* **HOW TO COMPLETE THIS TASK**: Retype word for word the stretch of entries below from the line that has "Pedrosa tepat berada" through the line that has "The Harmony Romper", and omit the pictures.

* **INFORMATION GIVEN**:
------------

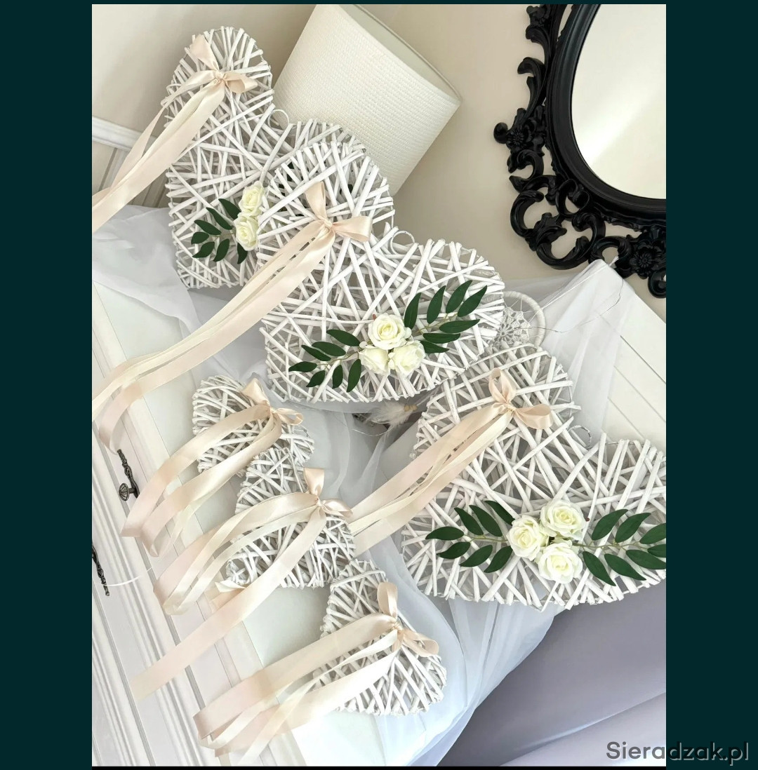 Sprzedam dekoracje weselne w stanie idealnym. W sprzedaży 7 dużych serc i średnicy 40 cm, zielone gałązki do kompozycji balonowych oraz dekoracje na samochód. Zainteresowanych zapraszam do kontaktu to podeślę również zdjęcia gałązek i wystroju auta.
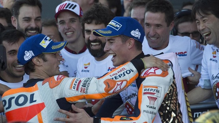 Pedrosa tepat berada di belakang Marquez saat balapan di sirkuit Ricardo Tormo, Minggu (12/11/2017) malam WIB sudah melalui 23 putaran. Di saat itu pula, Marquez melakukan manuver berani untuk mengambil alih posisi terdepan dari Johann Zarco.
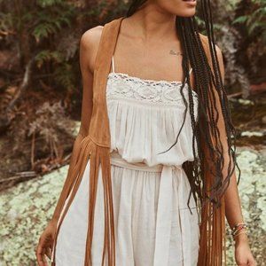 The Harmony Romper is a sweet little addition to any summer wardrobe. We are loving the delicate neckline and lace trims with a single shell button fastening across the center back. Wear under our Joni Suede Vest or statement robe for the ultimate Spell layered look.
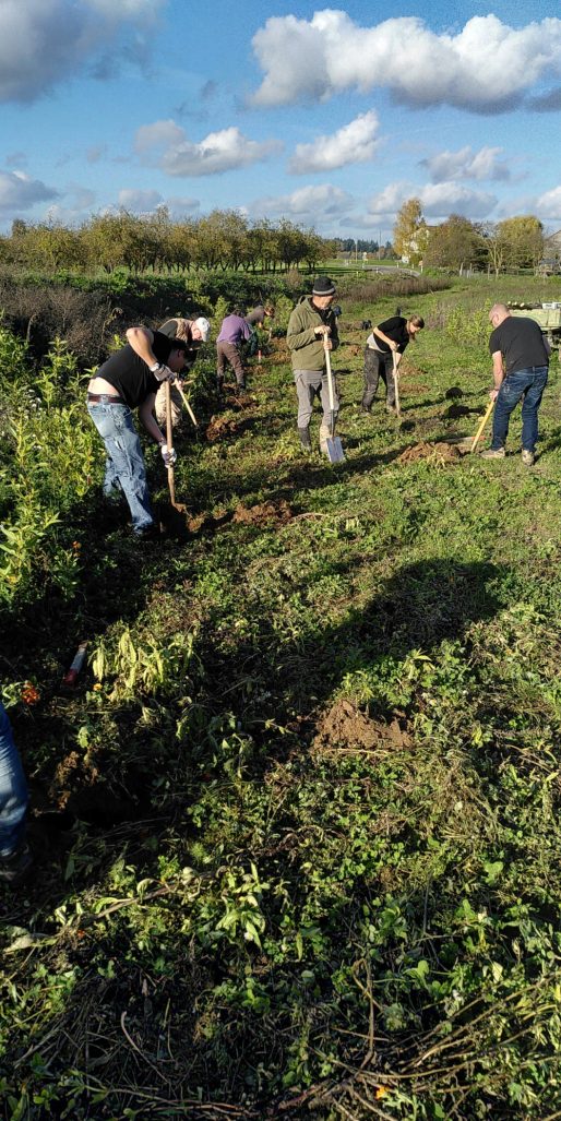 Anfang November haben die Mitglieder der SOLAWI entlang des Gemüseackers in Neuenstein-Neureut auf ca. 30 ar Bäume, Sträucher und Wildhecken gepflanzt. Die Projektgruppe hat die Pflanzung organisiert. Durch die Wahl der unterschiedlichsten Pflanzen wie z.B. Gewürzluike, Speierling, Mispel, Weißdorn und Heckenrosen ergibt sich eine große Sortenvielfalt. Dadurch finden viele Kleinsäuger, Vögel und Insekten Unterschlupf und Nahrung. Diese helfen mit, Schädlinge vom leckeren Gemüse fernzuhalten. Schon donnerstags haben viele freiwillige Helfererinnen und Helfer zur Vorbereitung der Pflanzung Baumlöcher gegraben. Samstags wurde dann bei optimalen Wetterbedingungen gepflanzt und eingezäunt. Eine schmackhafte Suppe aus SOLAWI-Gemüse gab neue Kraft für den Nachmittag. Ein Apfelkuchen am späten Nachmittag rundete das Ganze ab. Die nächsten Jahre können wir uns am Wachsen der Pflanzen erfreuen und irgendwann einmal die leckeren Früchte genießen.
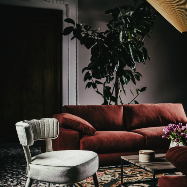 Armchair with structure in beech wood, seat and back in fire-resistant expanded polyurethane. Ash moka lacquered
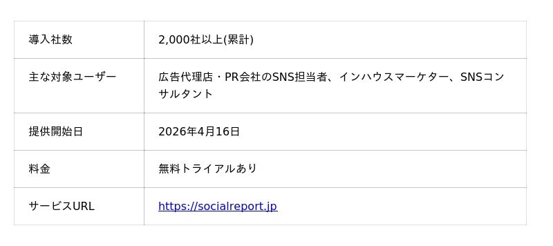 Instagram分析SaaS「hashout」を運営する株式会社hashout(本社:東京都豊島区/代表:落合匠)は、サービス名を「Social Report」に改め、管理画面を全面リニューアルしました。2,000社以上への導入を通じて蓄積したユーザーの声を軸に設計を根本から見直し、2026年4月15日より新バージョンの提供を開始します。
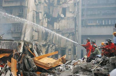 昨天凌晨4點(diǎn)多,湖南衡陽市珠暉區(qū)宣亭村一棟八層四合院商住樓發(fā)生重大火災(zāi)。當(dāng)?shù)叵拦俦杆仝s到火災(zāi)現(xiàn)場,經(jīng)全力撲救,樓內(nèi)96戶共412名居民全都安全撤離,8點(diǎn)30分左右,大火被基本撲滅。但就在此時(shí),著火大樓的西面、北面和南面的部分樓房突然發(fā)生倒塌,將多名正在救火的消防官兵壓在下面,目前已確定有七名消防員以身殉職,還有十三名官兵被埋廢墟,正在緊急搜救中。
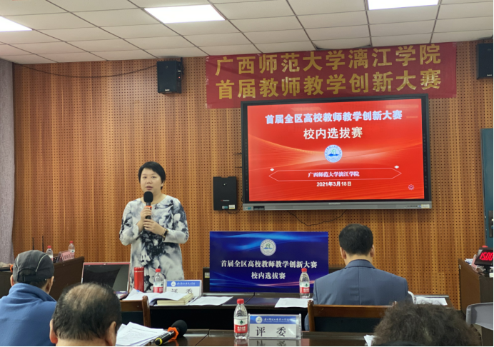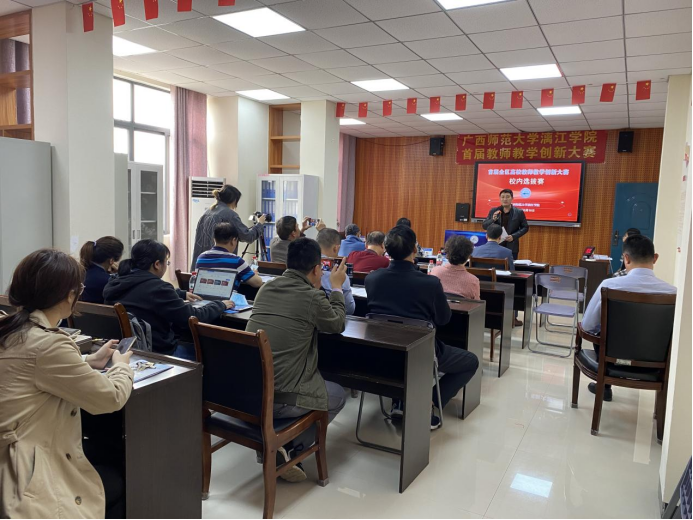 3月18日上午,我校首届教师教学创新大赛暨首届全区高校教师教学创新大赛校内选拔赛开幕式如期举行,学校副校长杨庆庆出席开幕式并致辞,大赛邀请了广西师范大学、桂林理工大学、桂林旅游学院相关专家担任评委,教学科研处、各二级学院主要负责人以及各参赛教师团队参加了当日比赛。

------------

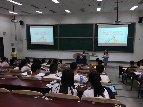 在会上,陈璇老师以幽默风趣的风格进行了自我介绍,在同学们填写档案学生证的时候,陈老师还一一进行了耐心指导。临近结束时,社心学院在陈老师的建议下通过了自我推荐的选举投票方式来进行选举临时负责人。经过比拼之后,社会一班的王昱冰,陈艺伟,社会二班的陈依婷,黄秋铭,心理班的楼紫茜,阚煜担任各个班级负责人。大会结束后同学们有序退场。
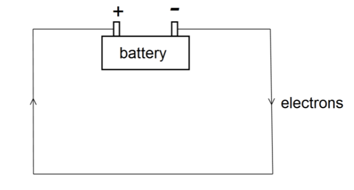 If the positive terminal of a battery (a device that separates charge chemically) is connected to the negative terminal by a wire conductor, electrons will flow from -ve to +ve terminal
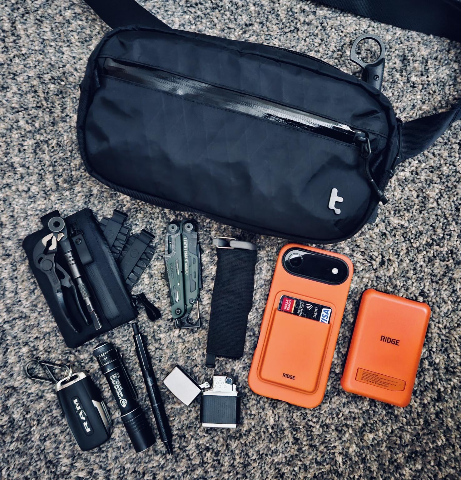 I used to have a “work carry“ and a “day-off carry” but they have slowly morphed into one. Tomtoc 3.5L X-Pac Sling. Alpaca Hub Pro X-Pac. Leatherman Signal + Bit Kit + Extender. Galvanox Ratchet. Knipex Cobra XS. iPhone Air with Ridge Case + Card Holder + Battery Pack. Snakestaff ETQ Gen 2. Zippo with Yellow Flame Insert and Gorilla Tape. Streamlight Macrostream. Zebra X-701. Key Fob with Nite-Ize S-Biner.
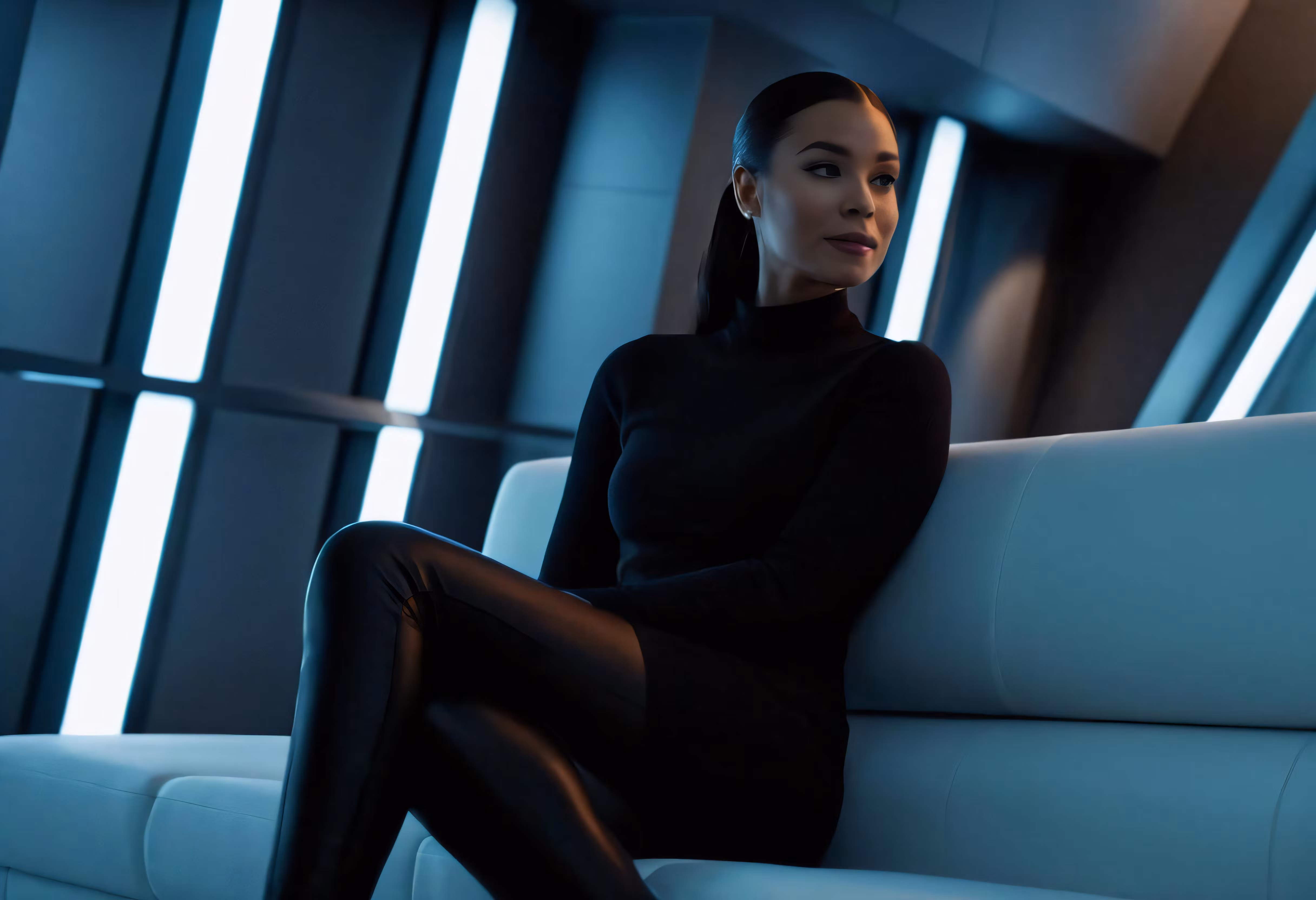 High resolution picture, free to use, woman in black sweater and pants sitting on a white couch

------------

* **FINISHED EXERCISE**:
 Pedrosa tepat berada di belakang Marquez saat balapan di sirkuit Ricardo Tormo, Minggu (12/11/2017) malam WIB sudah melalui 23 putaran. Di saat itu pula, Marquez melakukan manuver berani untuk mengambil alih posisi terdepan dari Johann Zarco.
 The Harmony Romper is a sweet little addition to any summer wardrobe. We are loving the delicate neckline and lace trims with a single shell button fastening across the center back. Wear under our Joni Suede Vest or statement robe for the ultimate Spell layered look.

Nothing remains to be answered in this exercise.